LONDON (Reuters) - The new left-wing leader of the opposition Labour Party on Wednesday defended using sections of a speech written in the 1980s that were rejected by five of his predecessors.
Jeremy Corbyn used his first Labour conference speech as leader on Tuesday to accuse the government of favouring the rich, and to promise a new, kinder politics.
But hours later it emerged that one of the most impassioned passages was lifted from a previous speech written by author and former political adviser Richard Heller, prompting newspaper headlines such as "New Politics, Old Speech".
The decision to include the passage will provide ammunition for Corbyn's critics, who have mocked him for what they say is a return to Labour's hard-left heyday in the early 1980s, the start of an 18-year period of opposition.
"There were 5,000 words and more in my speech, there were 350 words sent to me by Richard Heller ... I quite liked those words, I quite liked the way he'd put them. We changed them around a little bit," Corbyn told the BBC on Wednesday.
"I don't think there's anything particularly bad about that ... It's not copying anybody's homework. All of us research things, all of us resource things, all of us learn from each other. Is that such a bad thing?"

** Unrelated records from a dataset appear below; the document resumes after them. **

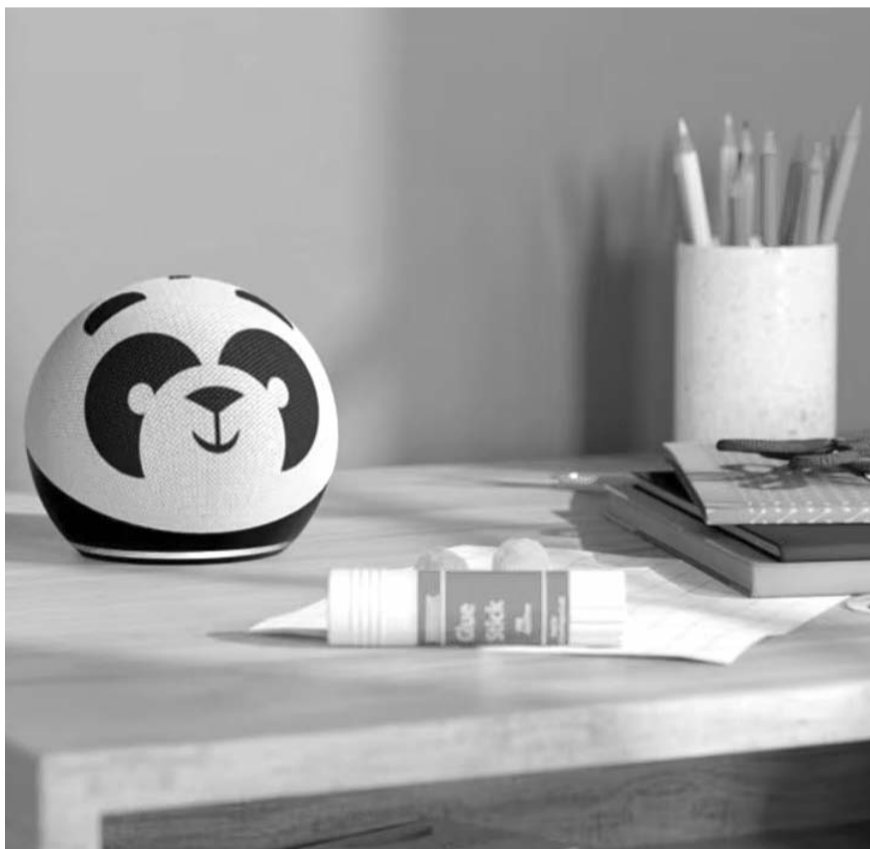
Los pequeños pueden hacer uso de Alexa para realizar tareas, asignaciones escolares o resolver dudas sobre sus materias.

La nueva entrega devolverá al juego también un tono más realista, parecido al que ofrecía Civilization V, aunque evidentemente actualizado. El salto a gráficos más saturados y caricaturesco de Civilization VI fue uno de los cambios más criticados en su momento por los fans de la saga, que se cuentan por millones y tiene ya una nueva fecha marcada en el calendario.
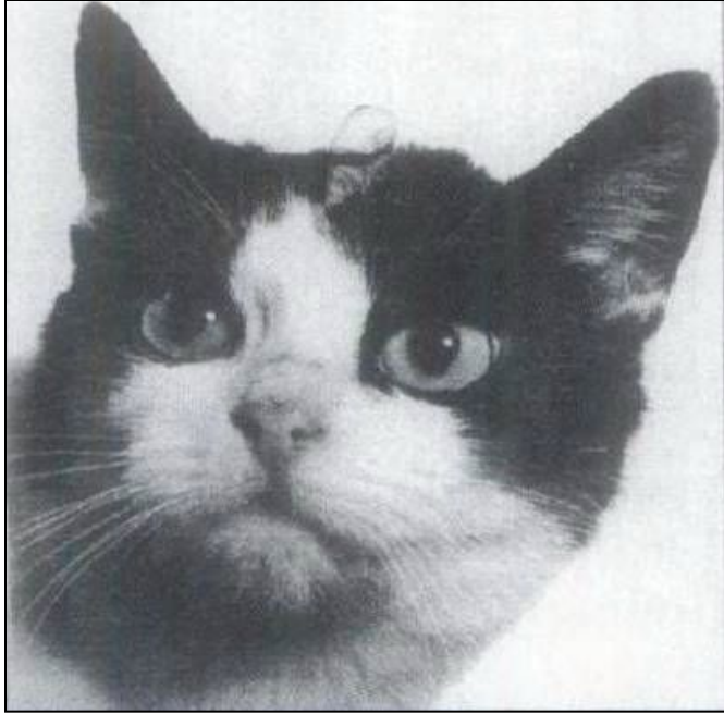
Знаменитая Фелисетт, первая в мире космическая кошка

В 1963 году Франция запустила в околоземное пространство ракету с кошкой на борту. В подготовке к этому полёту принимало участие 12 ЖИВОТНЫХ.
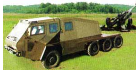
Британская Королевская Артиллерия скоро начнет сравнительные испытания Легких Пушечных Артиллерийских Систем LIMAWS(G).

LIMAWS(G) находится в стадии оценки. Она включает в себя запросы информации, комплексные испытания подвижности и общих характеристик, которые начались в июне. Программу курирует подразделение Агентства по оборонным закупкам (DPA).
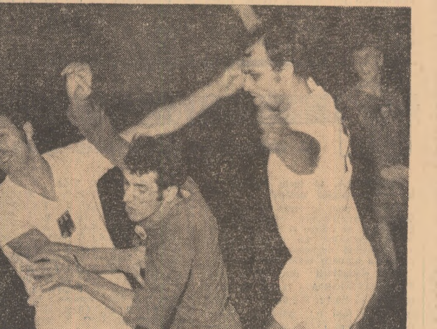
Încadrat de doi jucători vest-germani, Samungi reușește, totuși, să tragă la poartă și să înscrie. Fază din meciul România — R. F. a Germaniei.
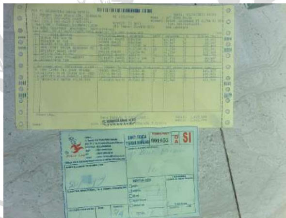
Gambar. 3.2 Faktur dan Tanda Terima Barang

Cara melakukan retur pembelian obat yaitu, ketika barang datang disesuaikan dengan faktur, apabila terdapat barang yang tidak sesuai dengan faktur maka barang tersebut harus disendirikan bersama dengan faktur barang datangnya. Kemudian dilakukan konfirmasi melalui pesan singkat kepada PBF terkait, dengan jarak beberapa hari PBF akan kembali untuk menukar barang yang tidak sesuai dengan barang baru ataupun bisa dilakukan penarikan barang dengan mengurangi jumlah tagihan yang terdapat pada faktur. Pihak PBF akan memberikan faktur baru beserta tanda terima retur barang yang ditanda tangani oleh pihak PBF dan pihak Apotek. Kemudian berita acara diberikan kepada pihak apotek sebagai bukti sah adanya retur barang datang.
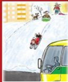
Не спускайся на санках вблизи проезжей части дороги
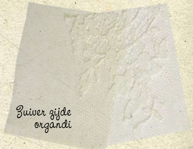
Zuiver zijde organdi
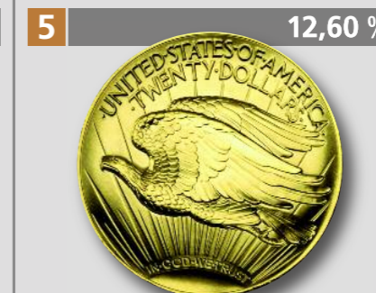
USA: Double Eagle Ultrahochrelief, 20 Dollars, Gold
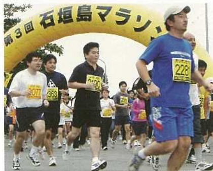
326人の参加があった10kmコース。
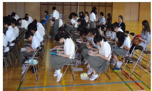
発表後に司会者が聴衆の中に入り感想、意見を確認し、質疑応答をスムーズにします。
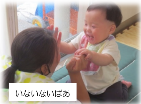
いないいないばあ

安心できる保育者との関わりの中で培われた心の安定が土台となり、成長とともにそれぞれが自信をもって、のびのびと自己表現することができるようになります。
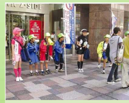
街頭での啓発活動(福岡市)
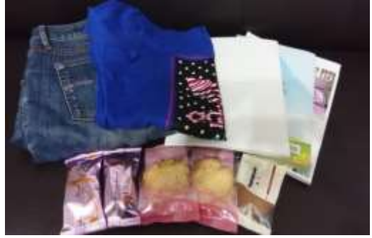
住院期間所需之衣物、零食
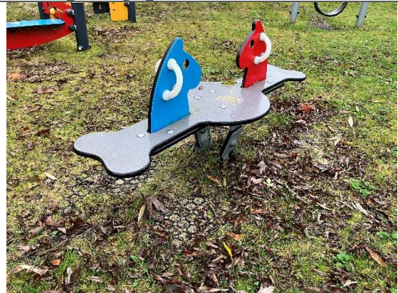
Redskab: Vippedyr Årgang: 2021 Producent: Kompan Er redskabet mærket: Ja Er der registreret fejl/mangler: Nej
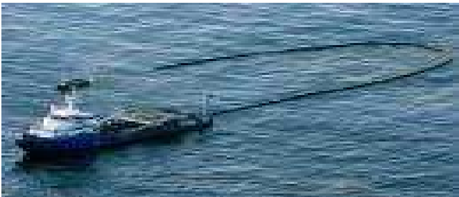
ប្រតិបត្តិការបោសសំអាតប្រេងឆៅនៅលើផ្ទៃទឹកសមុទ្រ

Heller said he was "delighted" the passage, which he first wrote for Neil Kinnock, Labour's leader in 1983, had been used.
"I have always been proud of that passage, both for its content and its cadences, so much so that I have offered it regularly to every Labour leader from Neil Kinnock onwards and to other Labour speakers," he wrote on the Guardian newspaper's website.
"As with every other new Labour leader, I offered it to Corbyn shortly after his election."